You did not know that to remain in the relationship came with a lifetime
gymnasium membership condition. Before agreeing to be his partner, did you
ask him to clarify beauty because people have diverse views of the term?
Perhaps he was referring to your beautiful walk. You now walk like a duck
because you are large and easy for people to notice. Did you know
appearance in your fifties will differ from the looks in your twenties
regardless of whether you are petite or large?

Let’s consider the children you have. You have not pictured your children
grow with a single parent because you believed he would be by your side
through thick and thin. Even if you get him to pay costs to maintain your
children, they will experience single parenthood for as long as you remain
single. Your agreement has created a wild condition, not only affecting you
but your children. Your relationship is a travel and tourism club for your
children when they want to visit their father.

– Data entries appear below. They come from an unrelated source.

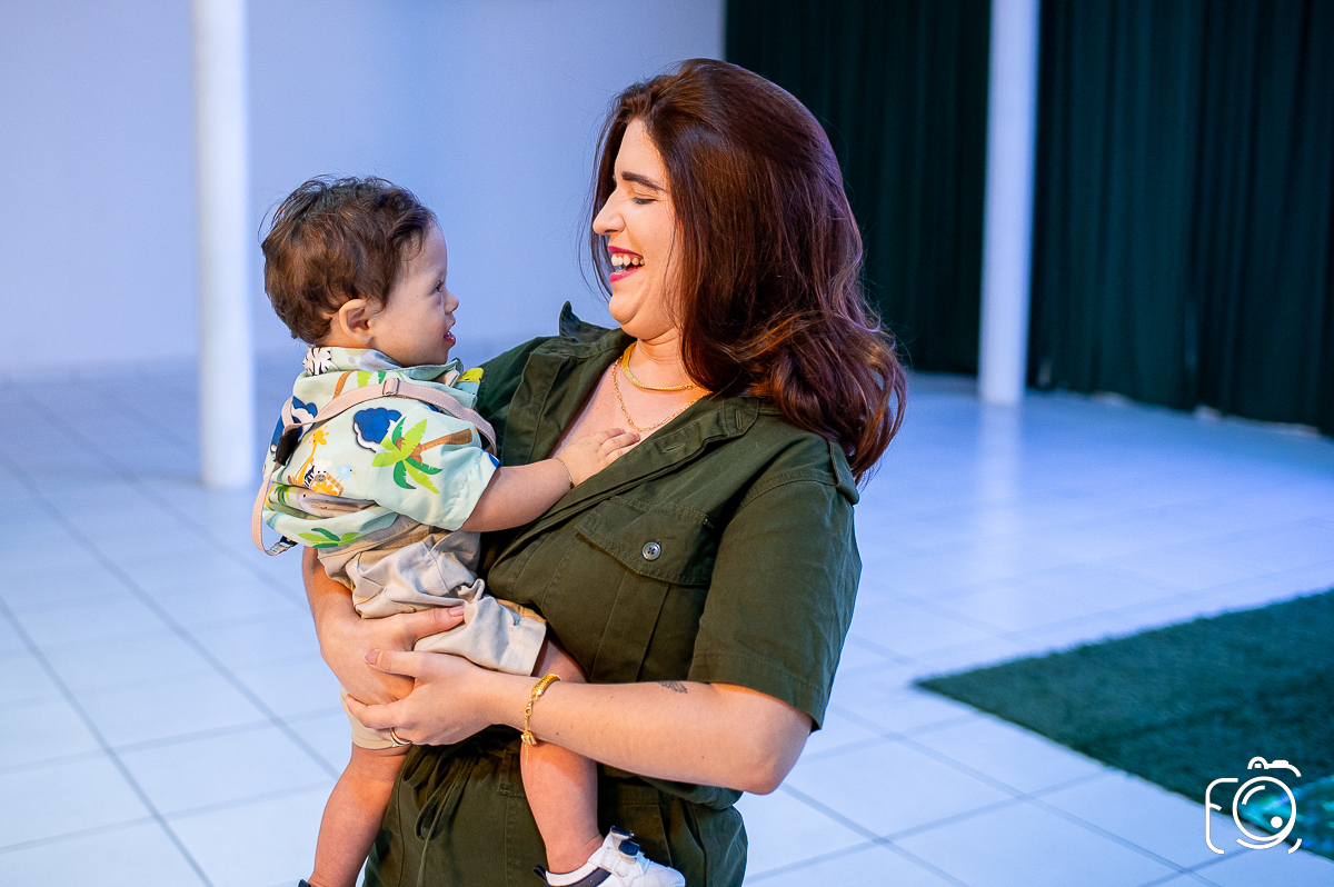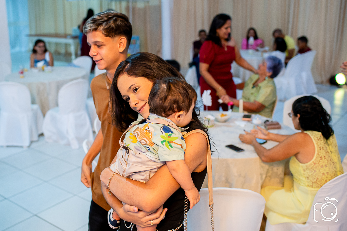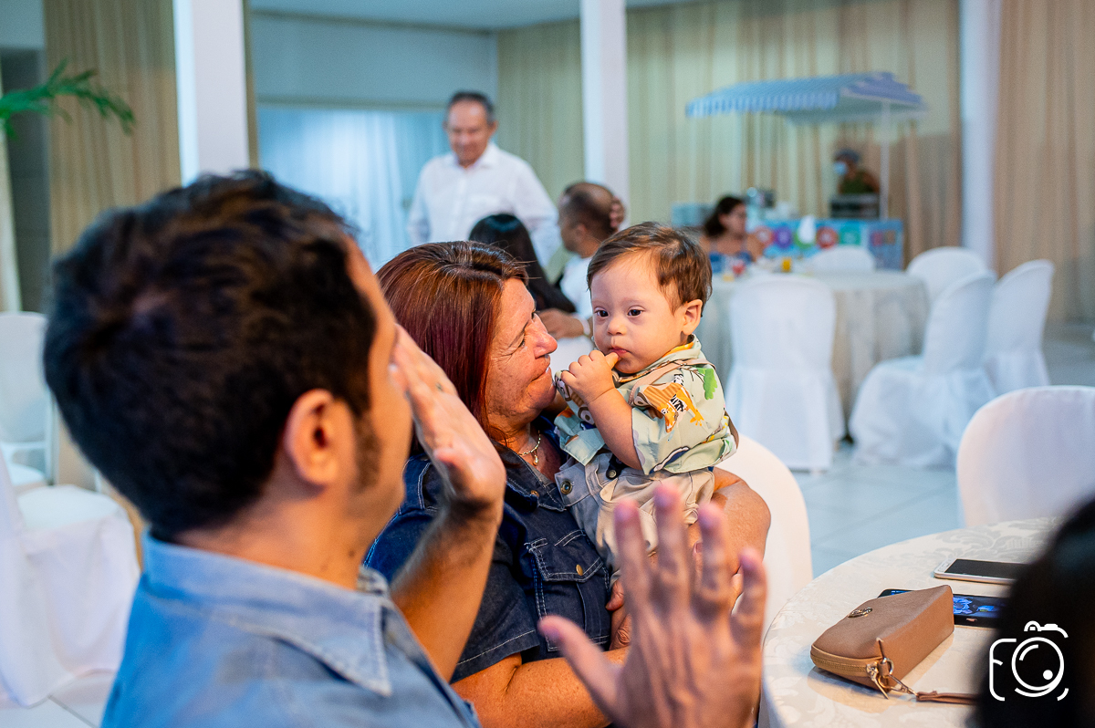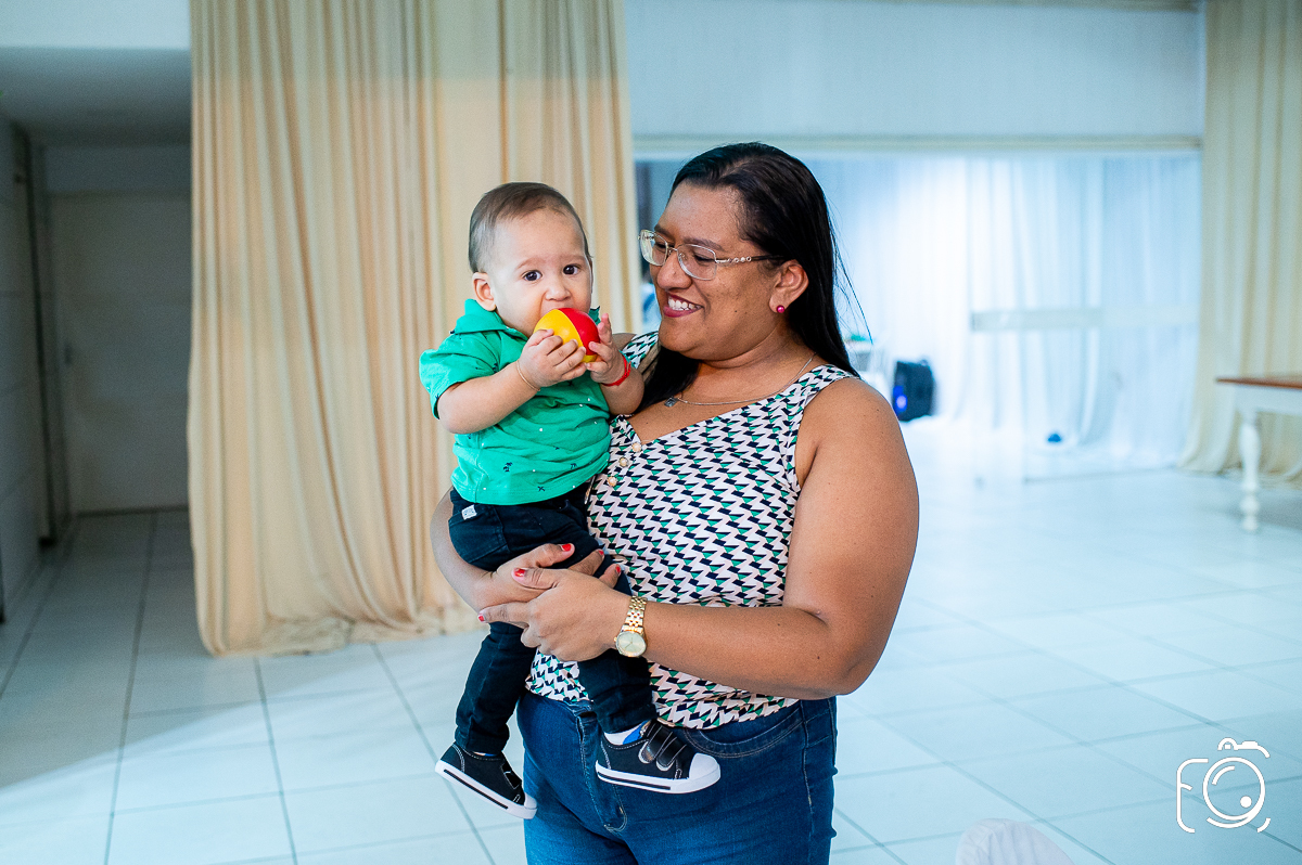 Então vamos para mais essa história, festa animadíssima, com muitos convidados, muita alegria e não faltou emoção, carinho, apertos e beijocas no pequeno.
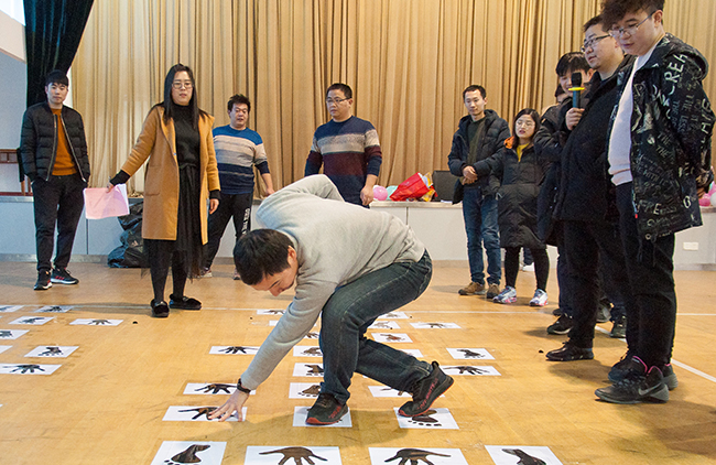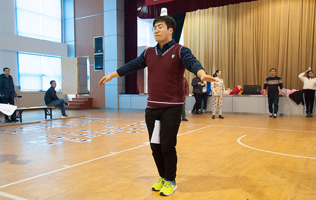 ▲勇往直前:按照地面摆放的手脚图,跳房子一样在30秒内到达终点。手脚不对应淘汰!跌落地面淘汰!超过时间淘汰!这一关一下子淘汰了不少人。
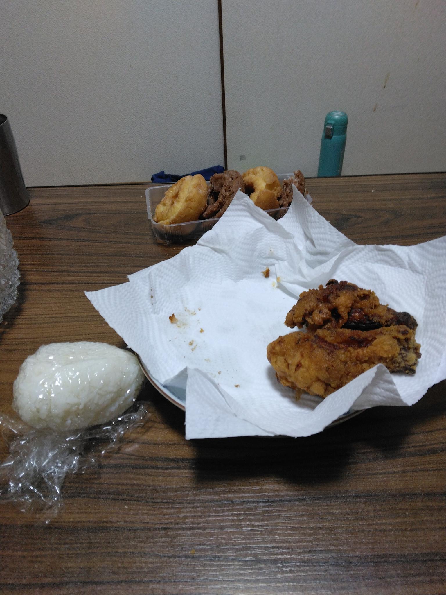 私の昼ごはんは、おにぎり🍙と鶏の唐揚げで、決まりだな(。>ω<。)
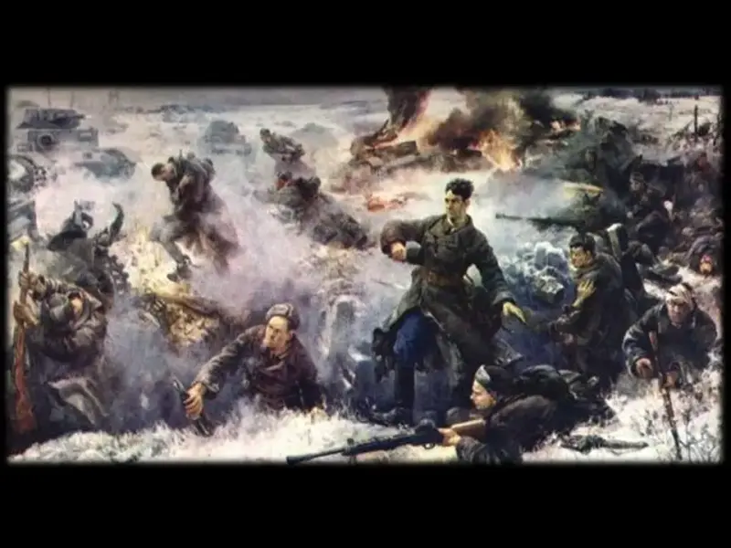 2 ведущий: Слова политрука бойцы восприняли, как приказ Родины сражаться до последней капли крови. Подпустив танки на десять - пятнадцать метров, смельчаки вступили в неравный бой.
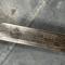 Patine ancienne sur la monture, lame avec gravures visibles malgré une légère oxydation.
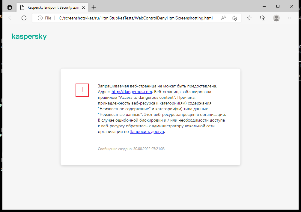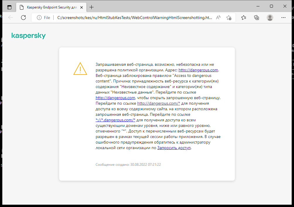 Веб-Контроль управляет доступом пользователей к веб-ресурсам. Это позволяет уменьшить расход трафика и сократить нецелевое использование рабочего времени. При попытке пользователя открыть веб-сайт, доступ к которому ограничен Веб-Контролем, Kaspersky Endpoint Security заблокирует доступ или покажет предупреждение (см. рис. ниже).
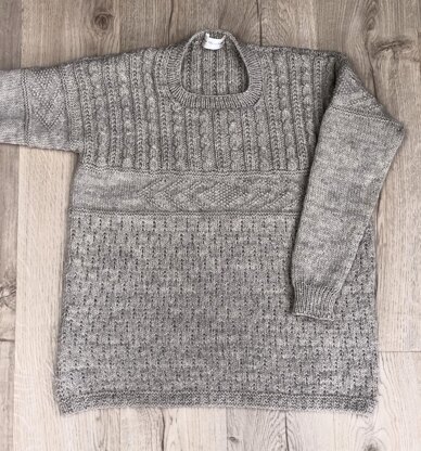 This handsome sweater features traditional gansey-inspired details. The main body is worked in an easy textured alternating stitch. A striking central band of chevrons framing a diamond motif is bordered by garter ridges and echoed on the top-down sleeves. The yoke adds interest with mock cables and textured ribbing, blending classic and modern elements. Designed for comfort and style, it is worked bottom-up and with full written instructions.
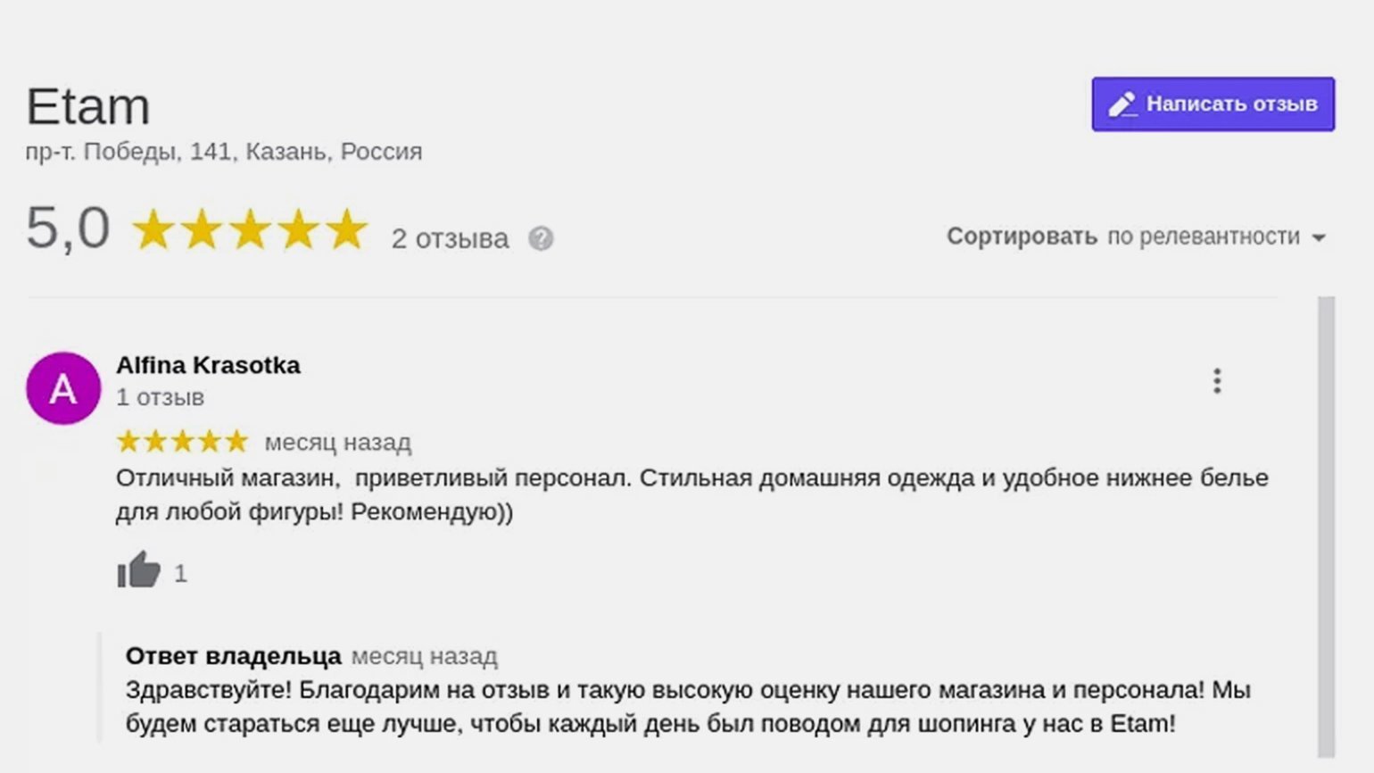Etam получает уведомления о новых отзывах, которые клиенты оставляют в карточках геосервисов, и оперативно отвечает на них, вовремя нивелирует негатив и поддерживает лояльность покупателей.

I do not know all the impact stress has on people, but I know that one way or
another it will affect you negatively if you loved him. It is worse if you cannot
let go even after he has left you. What about the bond that your children had
with him and mostly the relationship you had as a family? Remember,
excellent and negative memories don’t fade away. When your children know
you caused the problem because you gained more weight, should they be
happy or more distressed?

He is leaving you because now your family lives like ordinary people. You
might not be the cause of their poverty, but it is a situation you have created
to dissolve your relationship. A common reality about life is that life it’s
uncertain. Today you are rich, and two years down the line you are broke as a
church mouse. You banked the survival of your relationship on wealth,
forgetting that its existence revolves around the steadiness of the
agreement. How many people were millionaires do you know who are now
broke? When she leaves we label them forgetting its part of the agreement.